KING:Achei muito engraçado quando o McDonald's deixou de usar aquelas minúsculas colherinhas de café com as quais as pessoas poderiam cheirar coca. Da última vez que estive lá deram-me uma colher enorme e se poderia cheirar muita coca nela!

Sei lá por quê, mas a Califórnia sempre foi o lugar onde há muito debate sobre quanta autoridade se pode impor à vida das pessoas. É lá que isso se manifesta de modo mais ostensivo. Eles têm uma lei exigindo o uso de capacetes pelos motociclistas, e estes sempre reclamam: "O capacete limita meu campo visual. E também não consigo ouvir o desempenho do motor da minha moto.
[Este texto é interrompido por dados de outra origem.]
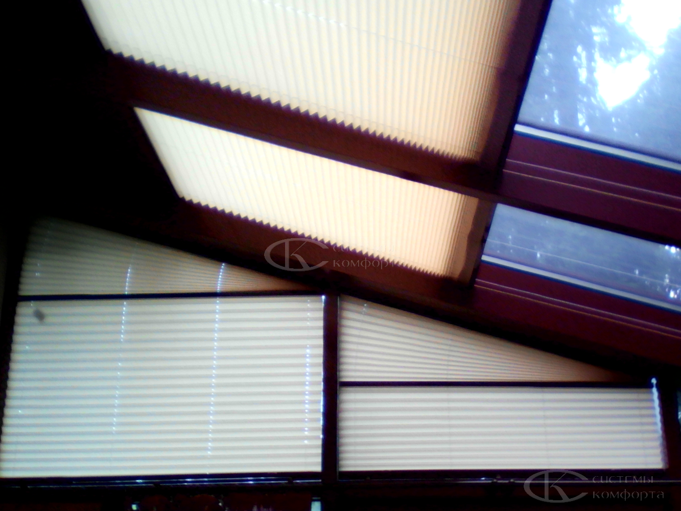 Они могут быть установлены непосредственно в раму без сверления, на створку или на сам проем, что делает их удивительно универсальными. Особенно ценятся плиссе для оформления мансардных и наклонных окон, где их способность повторять геометрию проема и легкость управления с помощью телескопической палки или электропривода не имеют аналогов среди других солнцезащитных систем.

Se ela incendiasse, eu só tomaria conhecimento quando o fogo chegasse no meu traseiro. " O que os motociclistas diziam nas entrelinhas é o seguinte: "Escute aqui, a cabeça é minha, e se eu quero esmigalhar meu cérebro de encontro aos meios-fios da Costa Highway, o problema é meu e de ninguém mais. "

O uso do capacete foi mantido, e então os dentistas resolveram que deveria haver uma lei obrigando a adoção de protetores para a boca. Isto porque estavam tendo que consertar todas aquelas mandíbulas e dentes espatifados. Eles diziam: "Os jogadores de futebol americano usam protetores de boca e os pugilistas profissionais também. Conseguiremos que os motoqueiros também o usem. " Isso foi a gota d'água que faltava e os motoqueiros chegaram ao Sacramento perguntando: "O que acontecerá depois? Será que terei que usar suspensório atlético para subir na minha moto?" E assim conseguiram jogar por terra a lei do capacete.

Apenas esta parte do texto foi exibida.